PROBLEM REQUIREMENTS ->
Pictures in the records are to be excluded from an otherwise exact copy.

--------

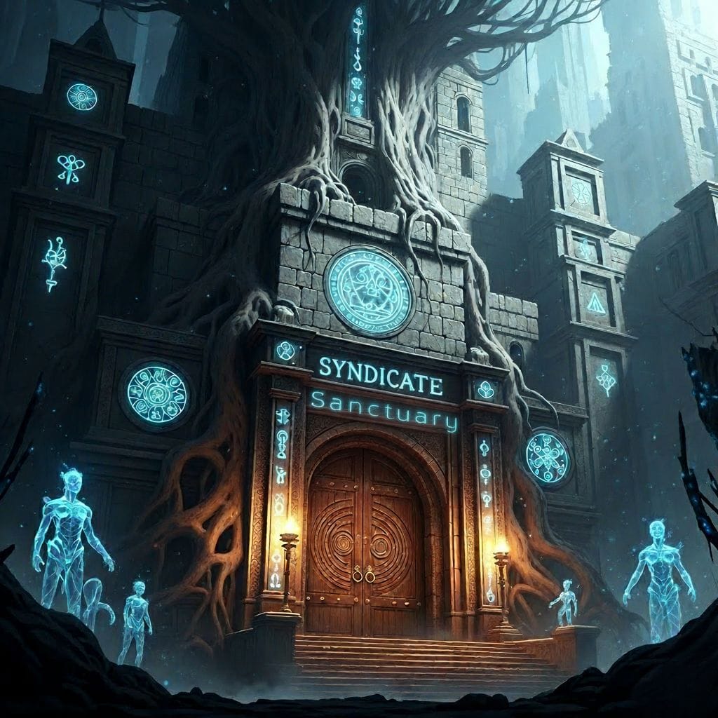 Finally, they arrived at what Brayne called “Syndicate Headquarters.” The building was bigger, older, more intentional than the others. Ancient but not crumbling. Powerful in the way certain old trees are powerful, rooted deep, reaching high.
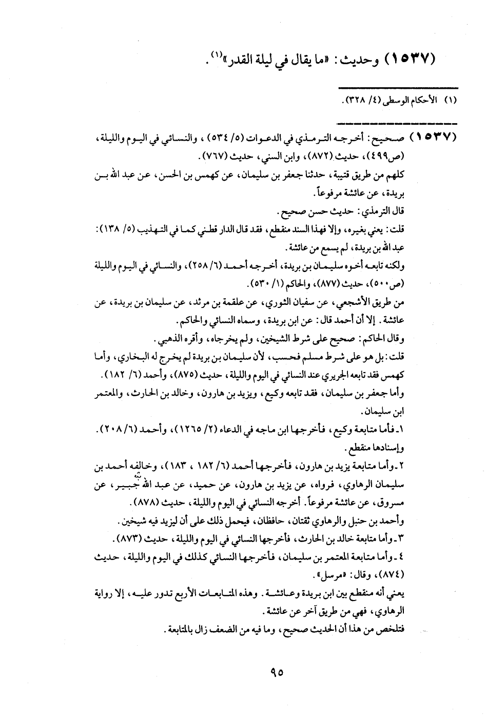 (1537) وَحَدِيث: " مَا يُقَال فِي لَيْلَة الْقدر ".
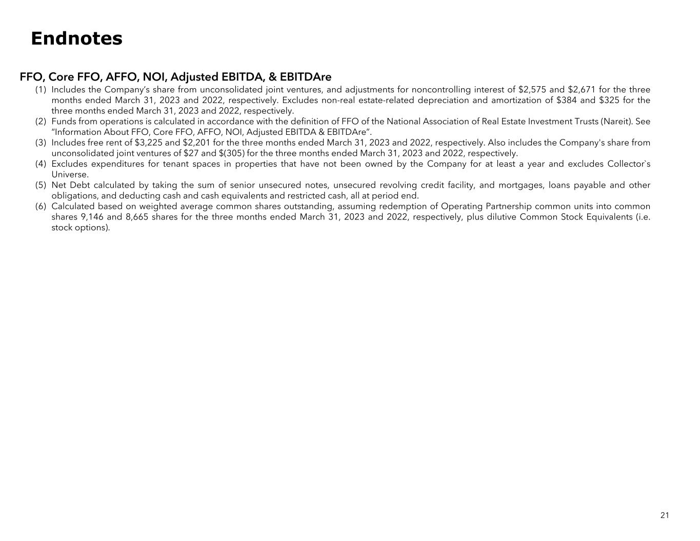 FFO, Core FFO, AFFO, NOI, Adjusted EBITDA, & EBITDAre (1) Includes the Company’s share from unconsolidated joint ventures, and adjustments for noncontrolling interest of $2,575 and $2,671 for the three months ended March 31, 2023 and 2022, respectively. Excludes non-real estate-related depreciation and amortization of $384 and $325 for the three months ended March 31, 2023 and 2022, respectively. (2) Funds from operations is calculated in accordance with the definition of FFO of the National Association of Real Estate Investment Trusts (Nareit). See “Information About FFO, Core FFO, AFFO, NOI, Adjusted EBITDA & EBITDAre”. (3) Includes free rent of $3,225 and $2,201 for the three months ended March 31, 2023 and 2022, respectively. Also includes the Company's share from unconsolidated joint ventures of $27 and $(305) for the three months ended March 31, 2023 and 2022, respectively. (4) Excludes expenditures for tenant spaces in properties that have not been owned by the Company for at least a year and excludes Collector`s Universe. (5) Net Debt calculated by taking the sum of senior unsecured notes, unsecured revolving credit facility, and mortgages, loans payable and other obligations, and deducting cash and cash equivalents and restricted cash, all at period end. (6) Calculated based on weighted average common shares outstanding, assuming redemption of Operating Partnership common units into common shares 9,146 and 8,665 shares for the three months ended March 31, 2023 and 2022, respectively, plus dilutive Common Stock Equivalents (i.e. stock options). 21 Endnotes
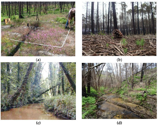 Field campaign of 2018 at Leiria National Forest; (a) sampling plot on maritime pine stands, (b) landscape view 8 months after the fire, (c) sampling plot on São Pedro River location SP4 (‘historical survey’ of 2004), and (d) São Pedro River SP4 (2018; 6 months after fire). Photos (a,b,d) from authors, (c) from A. Albuquerque.
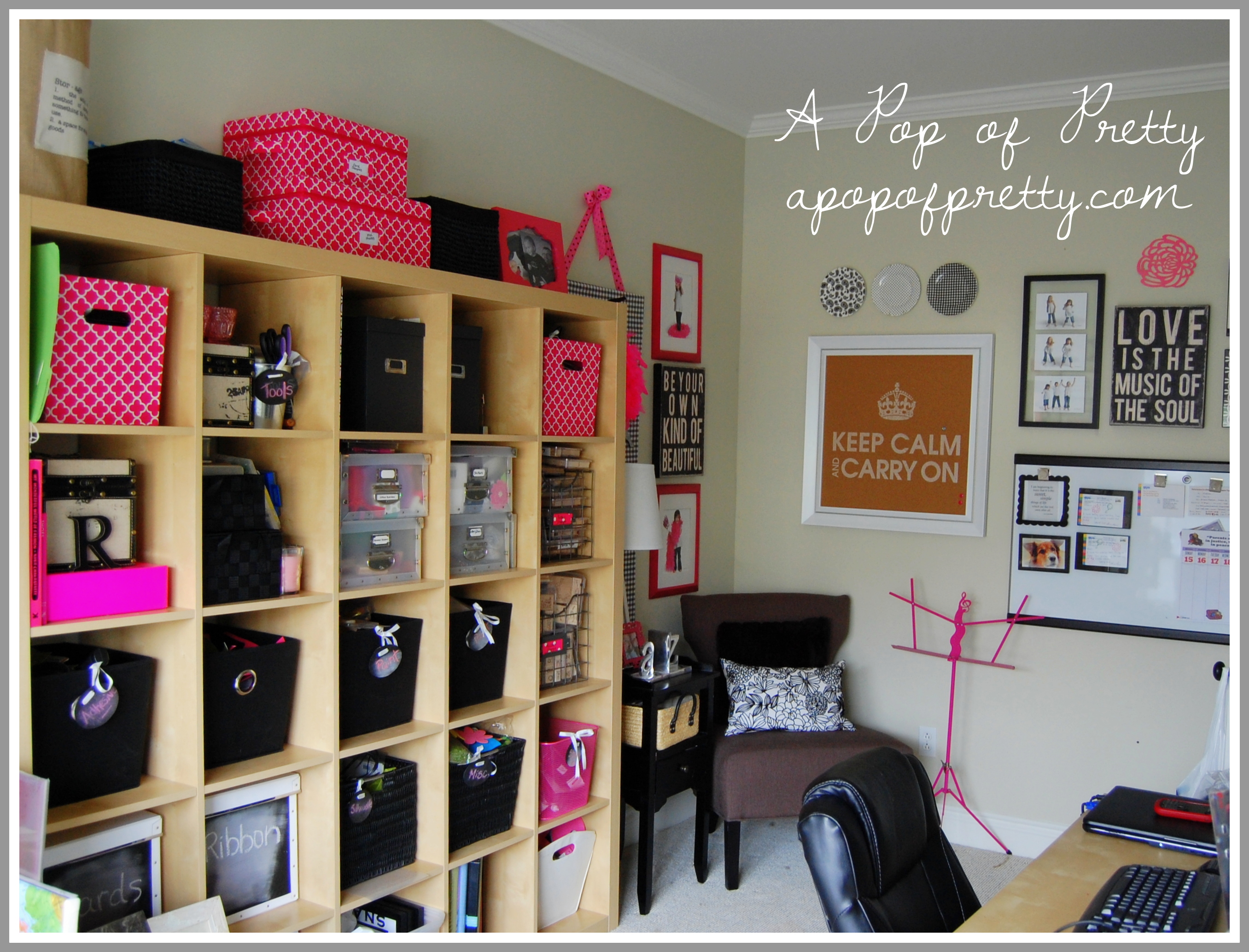 Over the past few weeks, I’ve been organizing and finessing my (pink and black) craft room / office. Those of you who have been following along here for awhile might remember that last summer I was finally able to carve out some space of my own where I could work and craft.
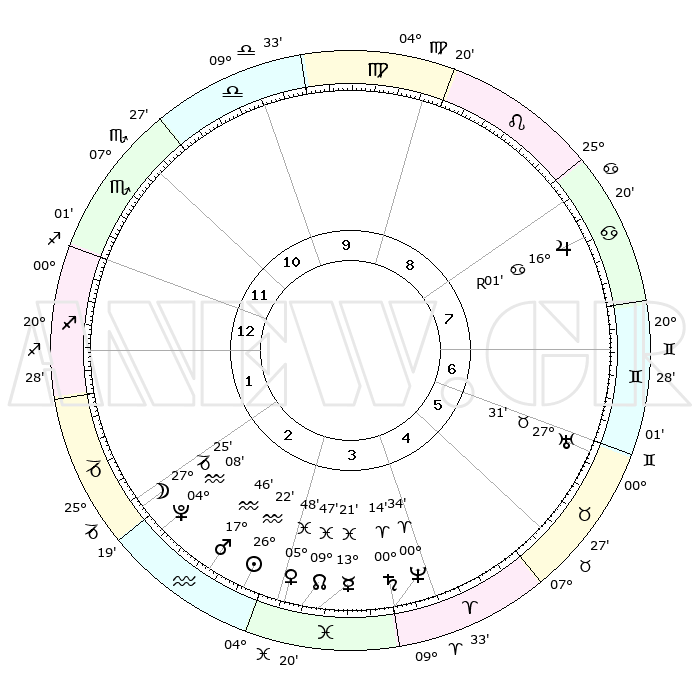 | | ΘΕΣΕΙΣ ΠΛΑΝΗΤΩΝ ΑΣΤΡΟΛΟΓΙΚΟΥ ΧΑΡΤΗ ΤΗΣ ΣΤΙΓΜΗΣ ΑΥΤΗΣ | | | | Πλανήτης | Ζώδιο | Μοίρες | Δεκαήμ. | Σε οίκο | Απόκλιση | | Ακμές των οίκων | | Ηλιος | Υδροχόος | 25°46' | Τρίτο | 9 | 12 S 56 | | 1ος | 26°42' | Δίδυμοι | | Σελήνη | Αιγόκερως | 20°06' | Τρίτο | 8 | 25 S 51 | | 2ος | 17°43' | Καρκίνος | | Ερμής | Ιχθείς | 12°29' | Δεύτερο | 10 | 06 S 56 | | 3ος | 09°19' | Λέων | | Αφροδίτη | Ιχθείς | 05°04' | Πρώτο | 9 | 11 S 01 | | 4ος | 05°07' | Παρθένος | | Αρης | Υδροχόος | 17°19' | Δεύτερο | 9 | 16 S 40 | | 5ος | 08°31' | Ζυγός | | Δίας | Καρκίνος | 16°04'R | Δεύτερο | 1 | 22 N 47 | | 6ος | 18°42' | Σκορπιός | | Κρόνος | Κριός | 00°10' | Πρώτο | 10 | 01 S 54 | | 7ος | 26°42' | Τοξότης | | Ουρανός | Ταύρος | 27°30' | Τρίτο | 12 | 19 N 25 | | 8ος | 17°43' | Αιγόκερως | | Ποσειδώνας | Κριός | 00°33' | Πρώτο | 10 | 00 S 59 | | 9ος | 09°19' | Υδροχόος | | Πλούτωνας | Υδροχόος | 04°07' | Πρώτο | 8 | 22 S 57 | | 10ος | 05°07' | Ιχθείς | | Β. Δεσμός | Ιχθείς | 09°49' | Πρώτο | 10 | 07 S 53 | | 11ος | 08°31' | Κριός | | Ωροσκόπος | Δίδυμοι | 26°42' | Τρίτο | | | 12ος | 18°42' | Ταύρος | | Μεσουράνημα | Ιχθείς | 05°07' | Πρώτο | | | |
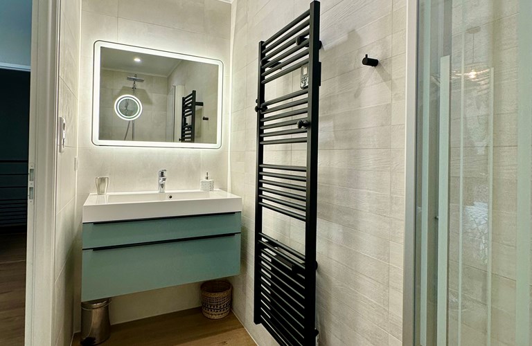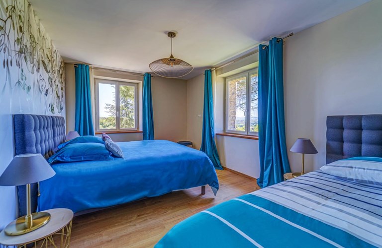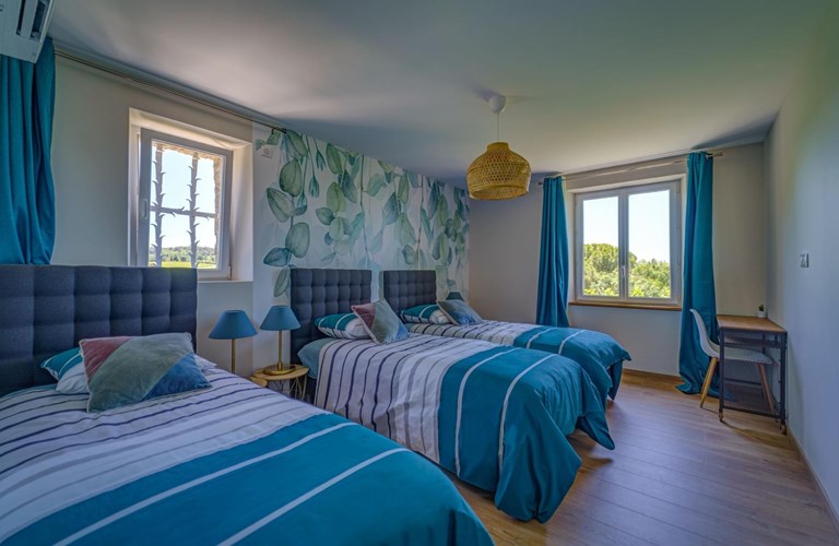 Op de etage (voorzien van airconditioning) bevinden zich de twee 3-persoonsslaapkamers en twee 2-persoonsslaapkamers allen voorzien van eigen badkamers.

--------

SOLVED PROBLEM ->
 Finally, they arrived at what Brayne called “Syndicate Headquarters.” The building was bigger, older, more intentional than the others. Ancient but not crumbling. Powerful in the way certain old trees are powerful, rooted deep, reaching high.
 (1537) وَحَدِيث: " مَا يُقَال فِي لَيْلَة الْقدر ".
 FFO, Core FFO, AFFO, NOI, Adjusted EBITDA, & EBITDAre (1) Includes the Company’s share from unconsolidated joint ventures, and adjustments for noncontrolling interest of $2,575 and $2,671 for the three months ended March 31, 2023 and 2022, respectively. Excludes non-real estate-related depreciation and amortization of $384 and $325 for the three months ended March 31, 2023 and 2022, respectively. (2) Funds from operations is calculated in accordance with the definition of FFO of the National Association of Real Estate Investment Trusts (Nareit). See “Information About FFO, Core FFO, AFFO, NOI, Adjusted EBITDA & EBITDAre”. (3) Includes free rent of $3,225 and $2,201 for the three months ended March 31, 2023 and 2022, respectively. Also includes the Company's share from unconsolidated joint ventures of $27 and $(305) for the three months ended March 31, 2023 and 2022, respectively. (4) Excludes expenditures for tenant spaces in properties that have not been owned by the Company for at least a year and excludes Collector`s Universe. (5) Net Debt calculated by taking the sum of senior unsecured notes, unsecured revolving credit facility, and mortgages, loans payable and other obligations, and deducting cash and cash equivalents and restricted cash, all at period end. (6) Calculated based on weighted average common shares outstanding, assuming redemption of Operating Partnership common units into common shares 9,146 and 8,665 shares for the three months ended March 31, 2023 and 2022, respectively, plus dilutive Common Stock Equivalents (i.e. stock options). 21 Endnotes
 Field campaign of 2018 at Leiria National Forest; (a) sampling plot on maritime pine stands, (b) landscape view 8 months after the fire, (c) sampling plot on São Pedro River location SP4 (‘historical survey’ of 2004), and (d) São Pedro River SP4 (2018; 6 months after fire). Photos (a,b,d) from authors, (c) from A. Albuquerque.
 Over the past few weeks, I’ve been organizing and finessing my (pink and black) craft room / office. Those of you who have been following along here for awhile might remember that last summer I was finally able to carve out some space of my own where I could work and craft.
 | | ΘΕΣΕΙΣ ΠΛΑΝΗΤΩΝ ΑΣΤΡΟΛΟΓΙΚΟΥ ΧΑΡΤΗ ΤΗΣ ΣΤΙΓΜΗΣ ΑΥΤΗΣ | | | | Πλανήτης | Ζώδιο | Μοίρες | Δεκαήμ. | Σε οίκο | Απόκλιση | | Ακμές των οίκων | | Ηλιος | Υδροχόος | 25°46' | Τρίτο | 9 | 12 S 56 | | 1ος | 26°42' | Δίδυμοι | | Σελήνη | Αιγόκερως | 20°06' | Τρίτο | 8 | 25 S 51 | | 2ος | 17°43' | Καρκίνος | | Ερμής | Ιχθείς | 12°29' | Δεύτερο | 10 | 06 S 56 | | 3ος | 09°19' | Λέων | | Αφροδίτη | Ιχθείς | 05°04' | Πρώτο | 9 | 11 S 01 | | 4ος | 05°07' | Παρθένος | | Αρης | Υδροχόος | 17°19' | Δεύτερο | 9 | 16 S 40 | | 5ος | 08°31' | Ζυγός | | Δίας | Καρκίνος | 16°04'R | Δεύτερο | 1 | 22 N 47 | | 6ος | 18°42' | Σκορπιός | | Κρόνος | Κριός | 00°10' | Πρώτο | 10 | 01 S 54 | | 7ος | 26°42' | Τοξότης | | Ουρανός | Ταύρος | 27°30' | Τρίτο | 12 | 19 N 25 | | 8ος | 17°43' | Αιγόκερως | | Ποσειδώνας | Κριός | 00°33' | Πρώτο | 10 | 00 S 59 | | 9ος | 09°19' | Υδροχόος | | Πλούτωνας | Υδροχόος | 04°07' | Πρώτο | 8 | 22 S 57 | | 10ος | 05°07' | Ιχθείς | | Β. Δεσμός | Ιχθείς | 09°49' | Πρώτο | 10 | 07 S 53 | | 11ος | 08°31' | Κριός | | Ωροσκόπος | Δίδυμοι | 26°42' | Τρίτο | | | 12ος | 18°42' | Ταύρος | | Μεσουράνημα | Ιχθείς | 05°07' | Πρώτο | | | |
 Op de etage (voorzien van airconditioning) bevinden zich de twee 3-persoonsslaapkamers en twee 2-persoonsslaapkamers allen voorzien van eigen badkamers.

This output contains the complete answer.